Standard equipment included; a p-38,p-50 and a map with all the gas stations in your area


----------



## readytogo (Apr 6, 2013)

You know guys we all like big and fancy things and we all wish we could have them but we have to be realistic and logical, my friend has a 4x4 dodge pick-up with all the toys, is truly a marvel to look at but we live in the asphalt jungle we have not one dirt road here in Miami about the only river crossing here is when we get a little rain and some streets get 10 inches of water so a $50,000 truck is a bit too much for nothing, I had a Chevy blazer 4x4 also big tires and winch and a 350 dual exhaust engine, had to carry a ladder to into the beast and my wise father use to laugh all the time, and I cry every time I drove into a gas station, no more Jose, I quickly change my ways.


----------



## LincTex (Apr 1, 2011)

readytogo said:


> ... but we have to be realistic and logical,...we have not one dirt road here......

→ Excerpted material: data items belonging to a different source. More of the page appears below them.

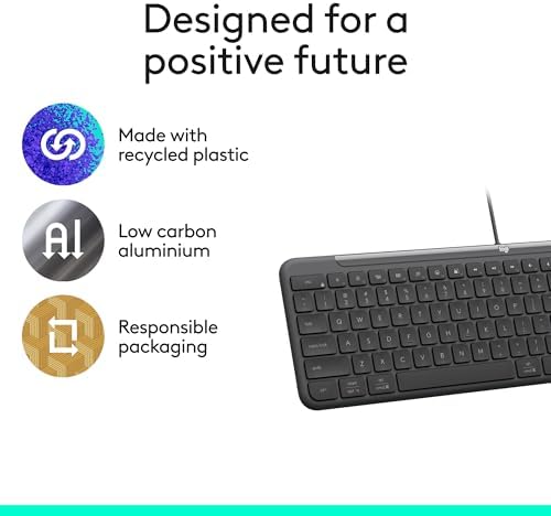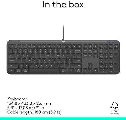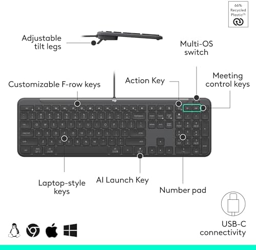 Signature Slim Wired K620 for Business offers an improved user experience for workplaces that require wired solutions. The USB-C keyboard delivers high-quality typing with laptop-style keys, thoughtfully designed with a subtle scoop for typing precision. Elevate productivity with preset shortcut keys like AI Launch Key for instantly accessing AI tools (5) or meeting control keys to quickly mute yourself or turn off the video. (4) Customize the shortcuts easily with Logi Tune (1), too. It works with Windows, MacOS, and ChromeOS, and comes with an OS toggle switch, which allows IT to easily deploy the keyboard across the enterprise. View and check device status at a centralized level with Logitech Sync. (6) Designed with sustainability in mind, the keyboard improves power efficiency by consuming 49% less energy compared to the K120 keyboard. The plastic parts are made with 66% post-consumer recycled plastic (3) and the product is shipped in FSCTM-certified paper packaging.
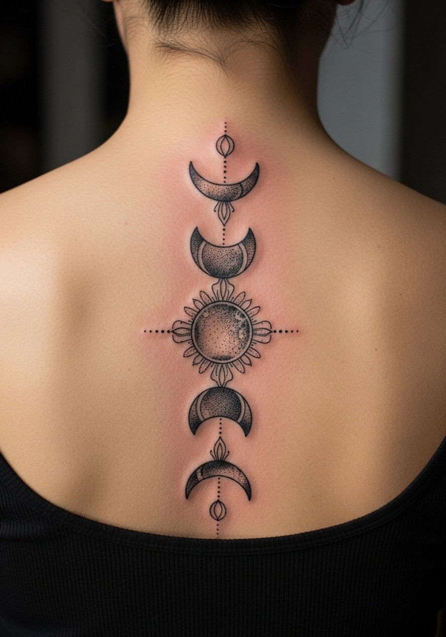 I went for moon phases along my spine because the vertical flow feels ritualistic. Spine tattoos are painful near bone but look powerful. Dotwork stippling ages nicely if the artist spaces dots correctly—too tight and it becomes a gray block. Expect several short sessions so the artist can manage comfort. Common mistake: overloading filigree with tiny lines next to stippling; let negative space separate textures. This piece feels timeless and symbolic—great for someone drawn to ritual, cycles, and Gothic ornament.
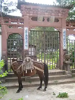 - 🌍 Pear Orchard Temple (Sheltered Mercy Nunnery 慈荫庵), 084 County Road 县道, Diantou Village 甸头村 (on entering Shaxi Valley, the temple is immediately on the right past the Diantou Village 甸头村 sign), ☏ +86 8724722296, reservations@shaxichina.com. 8am -5pm. The temple complex houses four unique shrines on four levels, together representing a mix of Buddhist, Daoist and Chinese folk religious traditions. Originally known as 'Ci Yin An' (Temple of Hidden Compassion), this breath taking multi-level temple complex is known as the Shaxi Pear Orchard Temple. Commanding spectacular views across the valley from its vantage point at the head of Diantou Village, was actually a functioning nunnery for much of its 1,000-year history. Since its complete restoration in 2014 by an American philanthropist, the temple now houses galleries, an organic restaurant, meditation and yoga practice spaces as well as clssrooms, gift shop and Shaxi Visitor's Centre. Free admission 免费.
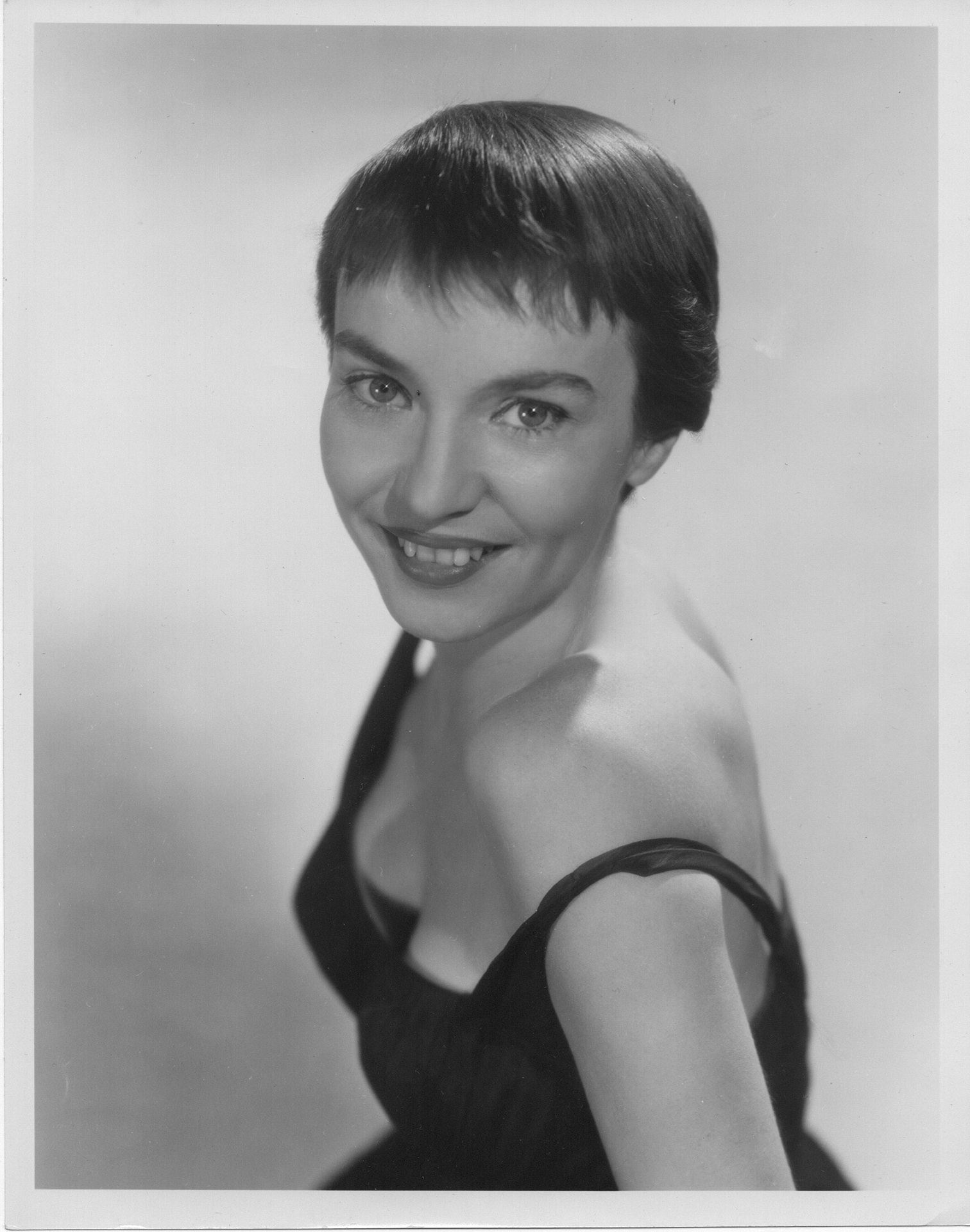 1957 Helen Publicity photo, black strap, looking over shoulder, bw, 8×10

Speak for yourself. I *DO* have a need to be offroad, regularly!

You need one of these - just drive down *between* the rows of cars stuck on the road:


----------



## tsrwivey (Dec 31, 2010)

I need my SUV & hubby says he needs his deuce & a half & his 3/4 ton four wheel drive. I'm pretty sure I need one of those things in LincTexs picture for my trips into downtown Dallas too.


----------